Remedies of the seller
The cif seller may:
(a)terminate the contract because of the buyer’s repudiation or because of some serious breach by the buyer of his obligations;
(b)bring an action for the price either ‘where the property in the goods has passed to the buyer, and the buyer wrongfully neglects or refuses to pay for the goods in accordance with the terms of the contract’ or ‘where the price is payable on a day certain irrespective of delivery’ (s 49 of the Sale of Goods Act);
(c)be entitled to damages ‘where the buyer wrongfully neglects or refuses to accept and pay for the goods’ (s 50 of the Sale of Goods Act).
Remedies of the buyer
The cif buyer may recover damages for non-delivery (s 51(3) of the Sale of Goods Act) or for defective delivery (s 53). Under s 52, the court has discretion to order specific performance ‘in any action for breach of a contract to deliver specific or ascertained goods’.
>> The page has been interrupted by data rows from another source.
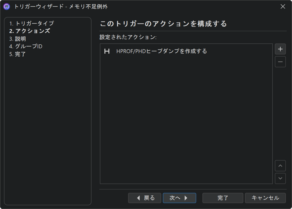 オフラインプロファイリングの場合、「HPROFヒープダンプを作成する」トリガーアクションがあります。
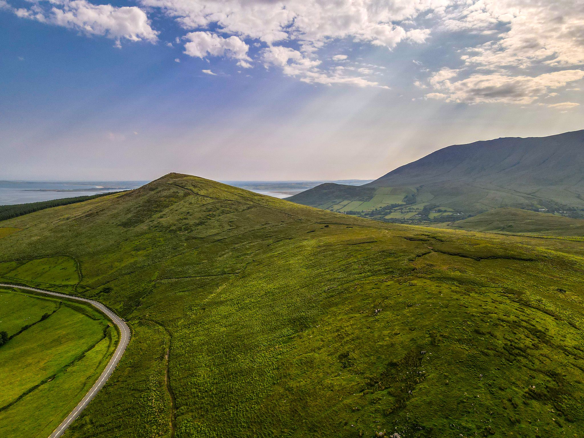 The Way follows an ascending track for a few hundred meters and suddenly descends to a tarmac road. Follow this road for 200m and as this turns into a bohreen keep following, climbing gradually. Cross a stile about 300m further along the Way and then go through a gate.
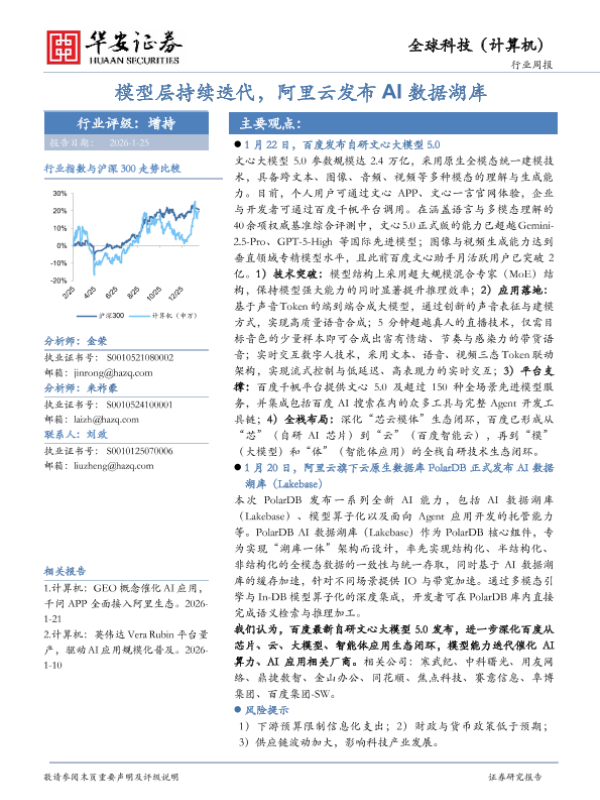 【华安证券】【202601】全球科技(计算机)行业周报:模型层持续迭代,阿里云发布AI数据湖库-13页

The cif buyer has, in principle, two rights to reject. This gives rise to considerable complexities:
(a)he may reject the documents if they are defective (either because they may not conform on their face with the contract requirements or because a bill of lading may be false);
(b)he may reject the goods if they are defective (but not if the defect in the goods was apparent on the face of the bill of lading and the buyer accepted the bill);
(c)he may not, however, reject good documents merely because he can prove that the goods shipped were defective (he must pay against documents and then reject the goods and claim his money back).